An :class:`~anndata.AnnData` object `adata` can be sliced like a
:class:`~pandas.DataFrame`,
for instance `adata_subset = adata[:, list_of_variable_names]`.
:class:`~anndata.AnnData`’s basic structure is similar to R’s ExpressionSet
[Huber15]_. If setting an `.h5ad`-formatted HDF5 backing file `.filename`,
data remains on the disk but is automatically loaded into memory if needed.
Parameters
----------
X
A #observations × #variables data matrix. A view of the data is used if the
data type matches, otherwise, a copy is made.
obs
Key-indexed one-dimensional observations annotation of length #observations.
var
Key-indexed one-dimensional variables annotation of length #variables.
uns
Key-indexed unstructured annotation.
obsm
Key-indexed multi-dimensional observations annotation of length #observations.
If passing a :class:`~numpy.ndarray`, it needs to have a structured datatype.
varm
Key-indexed multi-dimensional variables annotation of length #variables.
If passing a :class:`~numpy.ndarray`, it needs to have a structured datatype.
layers
Key-indexed multi-dimensional arrays aligned to dimensions of `X`.
shape
Shape tuple (#observations, #variables). Can only be provided if `X` is `None`.
filename
Name of backing file. See :class:`h5py.File`.
filemode
Open mode of backing file. See :class:`h5py.File`.
See Also
--------
io.read_h5ad
io.read_csv
io.read_excel
io.read_hdf
io.read_loom
io.read_zarr
io.read_mtx
io.read_text
io.read_umi_tools
Notes
-----
:class:`~anndata.AnnData` stores observations (samples) of variables/features
in the rows of a matrix.
This is the convention of the modern classics of statistics [Hastie09]_
and machine learning [Murphy12]_,
the convention of dataframes both in R and Python and the established statistics
and machine learning packages in Python (statsmodels_, scikit-learn_).

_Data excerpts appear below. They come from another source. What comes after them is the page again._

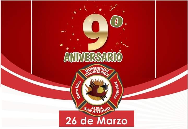 9° Aniversario de La Asociación Civil de Bomberos Voluntarios de Aldea San Antonio. - 2015 - 2024 - "En este Nuevo Aniversario, la Comisión y Cuerpo Activo de Bomberos Voluntarios de Aldea San Antonio hace extensivo el saludo y agradecimiento a toda la comunidad por acompañar y apoyar el crecimiento y desarrollo de nuestra institución." Saludamos especialmente a quienes han participado en la institución desde aquel 26 de marzo de 2.015.
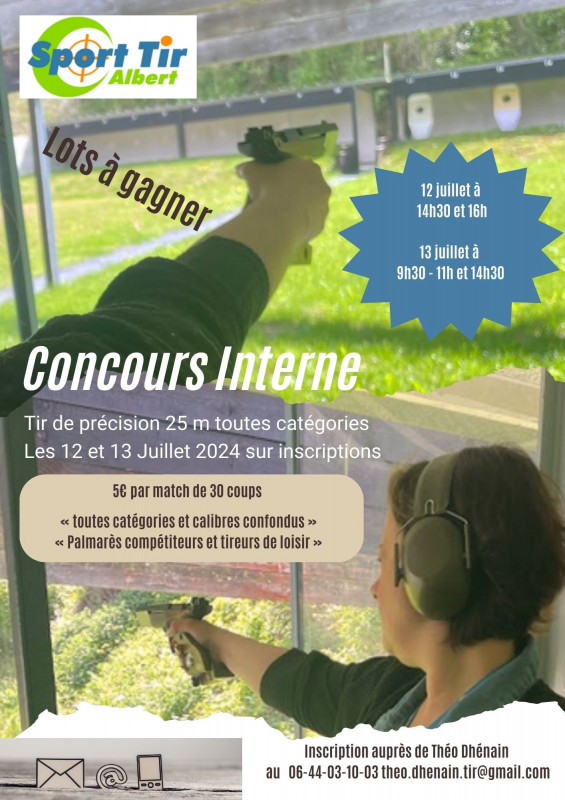 Notre club organise un concours interne à l'arme de poing au stand 25 mètres le vendredi 12 juillet et samedi 13 juillet prochains
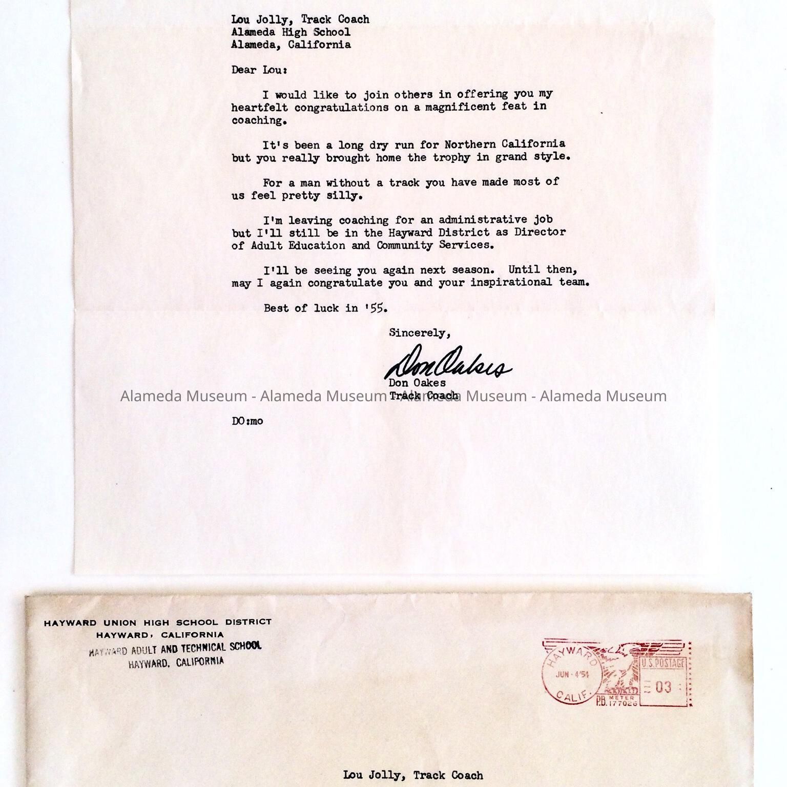A LETTER ADDRESS TO LEWIS C JOLLEY, TRACK COACH, ALAMEDA HIGH SCHOOL, CONGRATULATING HIM ON THE VICTORY OF HIS RUNNERS. LETTER WAS SIGNED BY DON OAKES, TRACK COACH, HAYWARD HIGH SCHOOL.
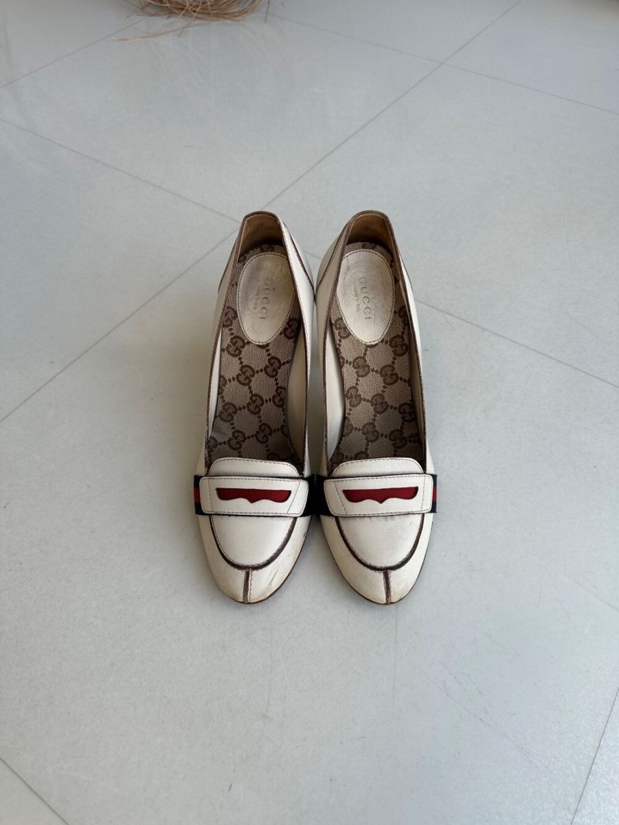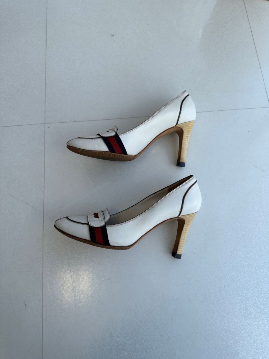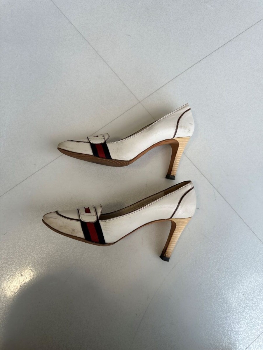 GUCCIのパンプスクリーニングとカラーリング、ヒール部分の革のめくれや傷などの革の巻替えも修復可能です。
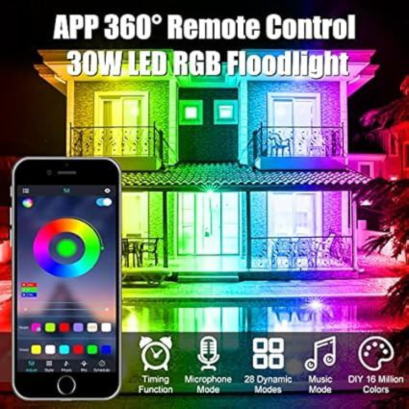 30 W LED spotlight RGB and DIY colour setup: 30 W LED RGB spotlight consists of 48 LED lamp beads. RGB LED headlight can adjust brightness and speed (10%-100%). This LED floodlight RGB has 160,000 colours and 28 dynamic modes, 3 DIY colours from a variety of colours adjustable by increasing or reducing the ratio of red, green and blue. \
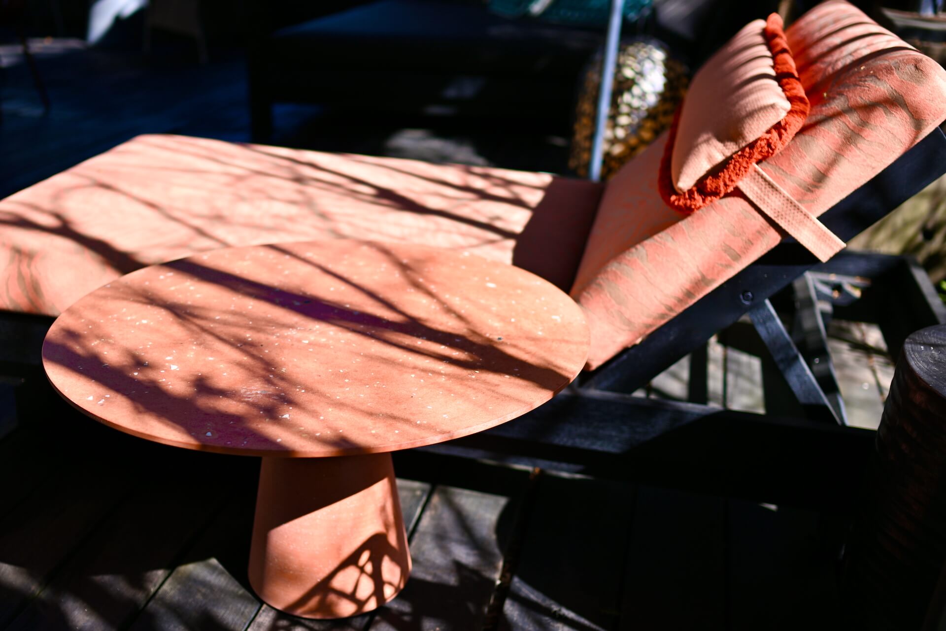I’ve got a thing about colour pops in the garden and have fallen in love with this orange coffee table that happens to match the cover of the lounger.
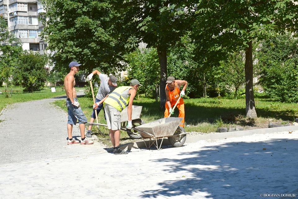 Тут минулого року облаштували мережу брукованих доріжок, встановили зручні лавки та смітники. Зараз ремонтники викладають бруківкою міжбудинковий проїзд. Про це у мережі Фейсбук повідомив міський голова Руслан Марцінків.
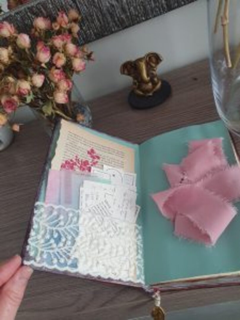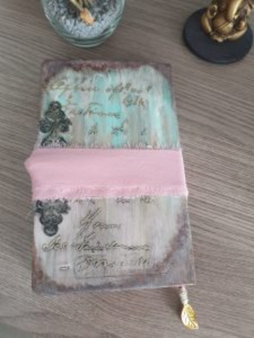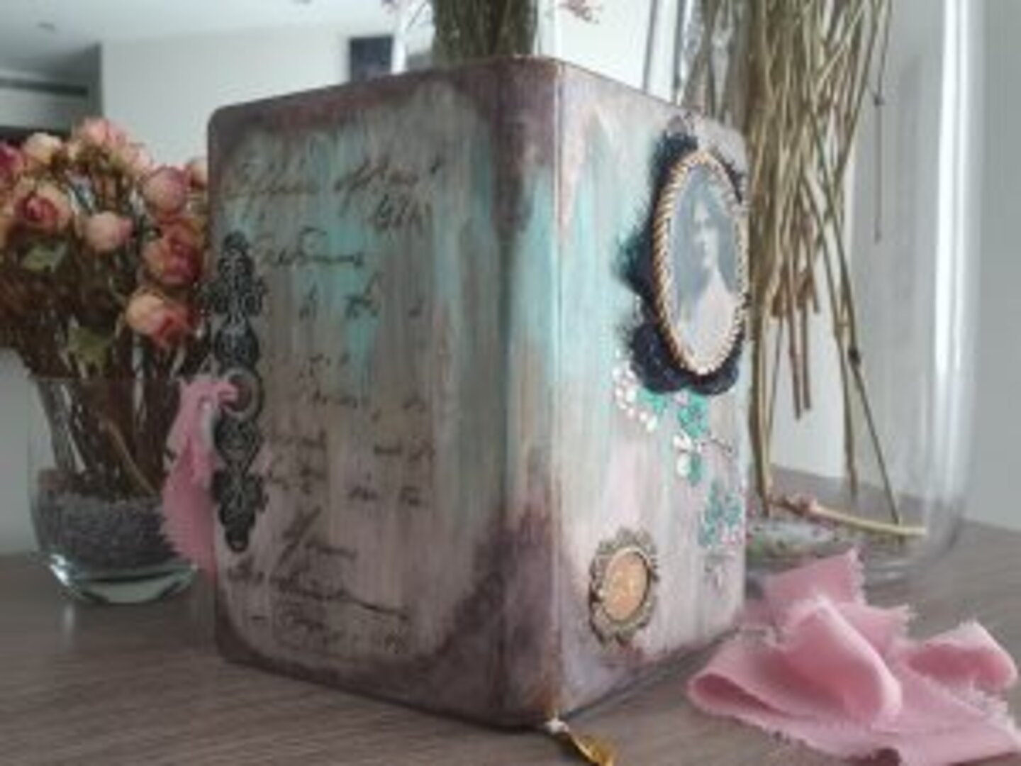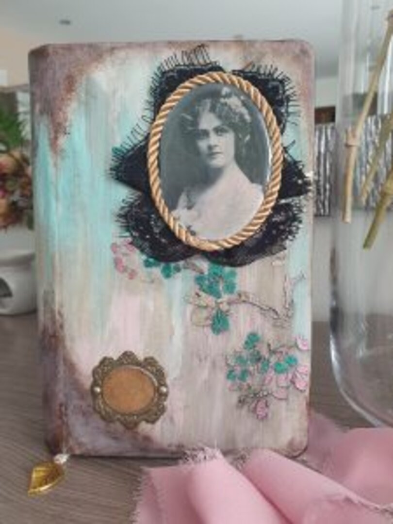 Usamos diferentes técnicas y productos, antiquin powder, antiquin paint, pasta de textura, ceras, encaje, cordón de seda, foto antigua y simulamos un cristal para proteger y dar ese toque vintage.
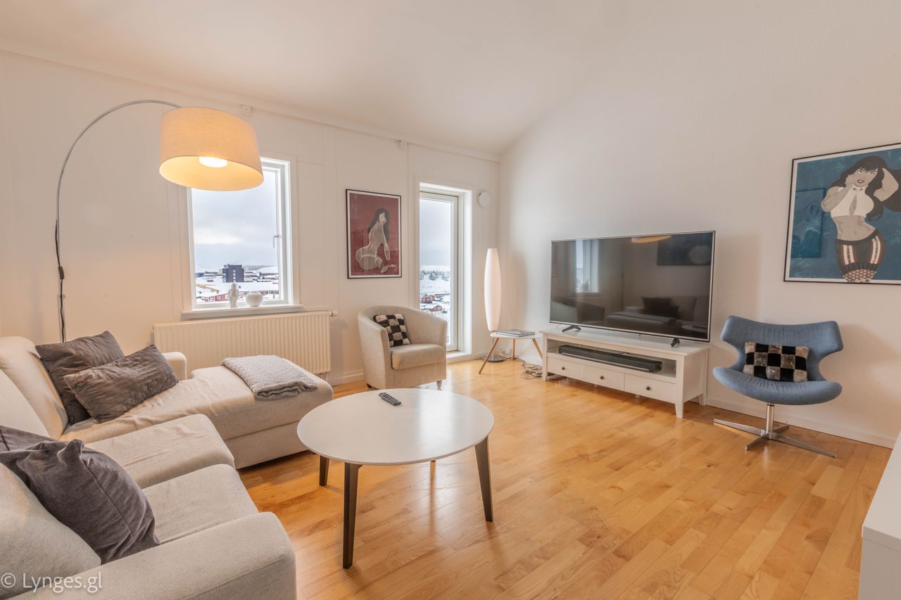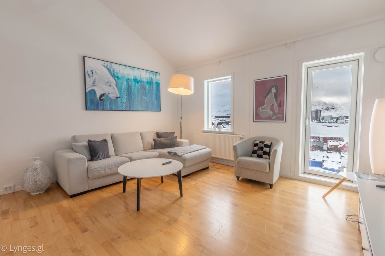 Prisen er sat rigtig skarpt! Boliger med 4 soveværelser hænger ikke på træerne. Her får du et rækkehus med eget indgang, rigtig god udsigt mod sydøst, hvor de store fjelde Ukkusissaq og Kingittorsuaq står majestætisk.
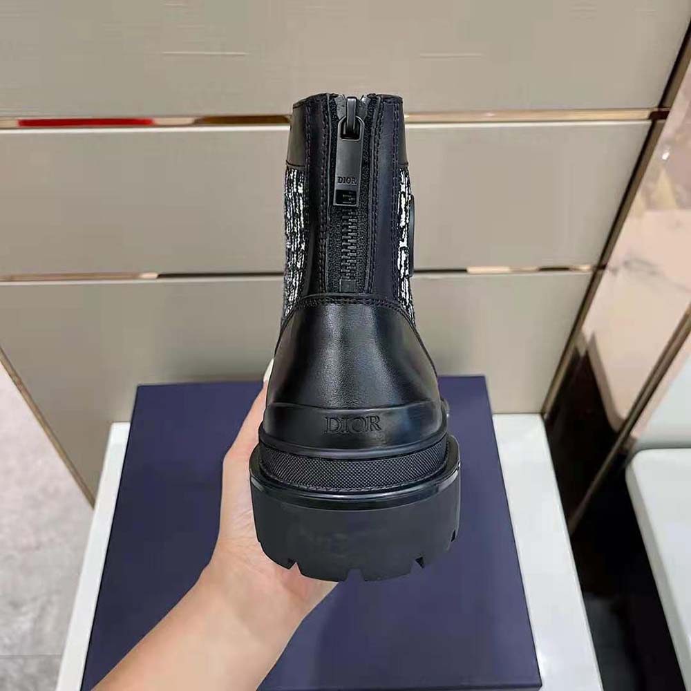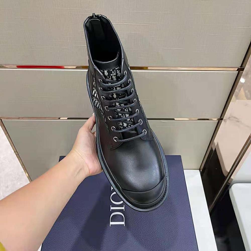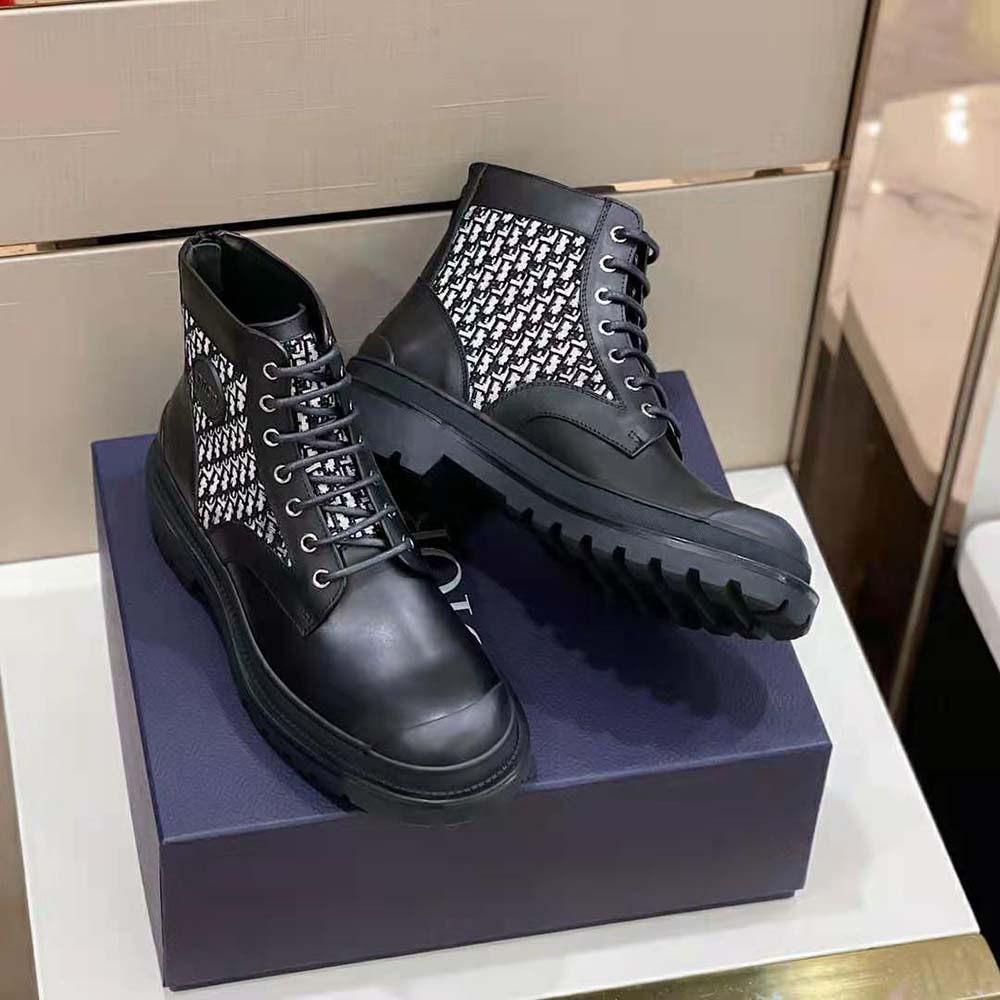Specification: Dior Men Explorer Ankle Boot Black Smooth Calfskin and Beige and Black Dior Oblique Jacquard
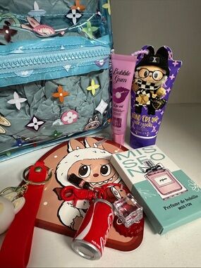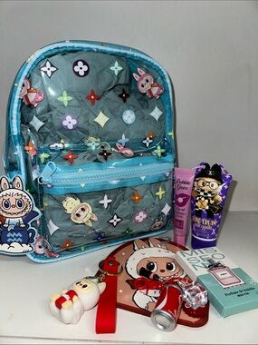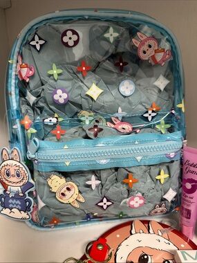 Clear mini backpack with blue trim. Multicolored monogram-style stars and cute character prints. Front zip pocket and top handle. Comes with lip gloss, keychains and lotion
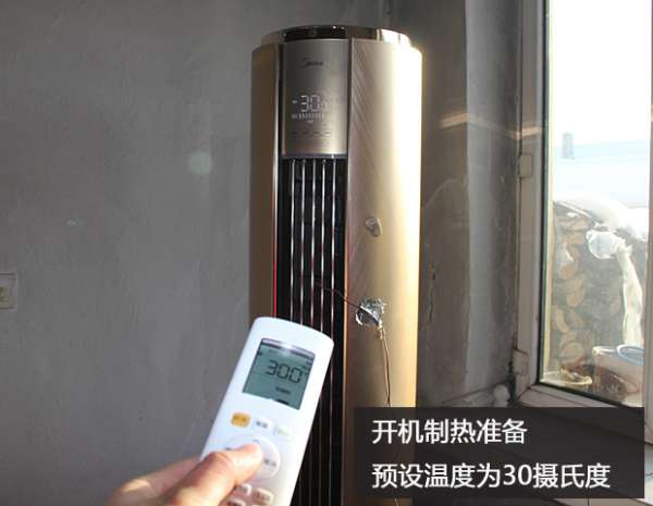 打开空调,模式调为制热,温度设为30摄氏度。值得一提的是,作为一款智能空调,美的智能王搭载的天使眼技术,即使暂时找不到遥控器,一个手势也能让空调开始工作。
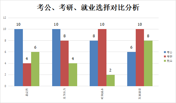 从稳定性、竞争压力、时间成本、发展前景等方面对比三大选择:
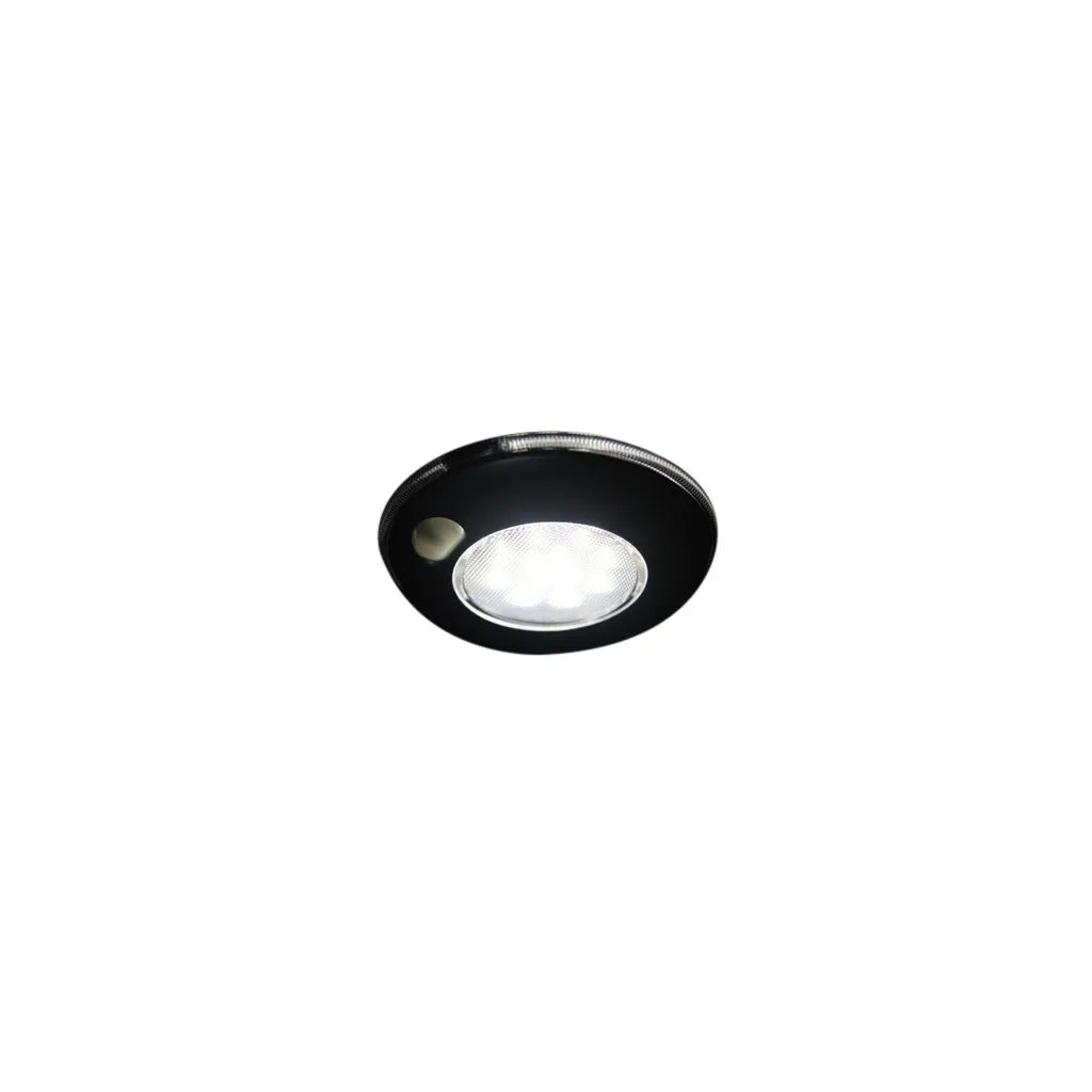 This smart round surface mount interior light has extremely low power consumption, and is an excellent general light that you won't have to worry about leaving on, draw is less than a tenth of an amp at 12 volts! Performance is similar to a 10 watt halogen, similar to a courtesy light in a car, it's not really intended as a task/reading light.

Single dimensional annotations of the observation and variables are stored
in the :attr:`obs` and :attr:`var` attributes as :class:`~pandas.DataFrame`\\ s.
This is intended for metrics calculated over their axes.
Multi-dimensional annotations are stored in :attr:`obsm` and :attr:`varm`,
which are aligned to the objects observation and variable dimensions respectively.
Square matrices representing graphs are stored in :attr:`obsp` and :attr:`varp`,
with both of their own dimensions aligned to their associated axis.
Additional measurements across both observations and variables are stored in
:attr:`layers`.
Indexing into an AnnData object can be performed by relative position
with numeric indices (like pandas’ :meth:`~pandas.DataFrame.iloc`),
or by labels (like :meth:`~pandas.DataFrame.loc`).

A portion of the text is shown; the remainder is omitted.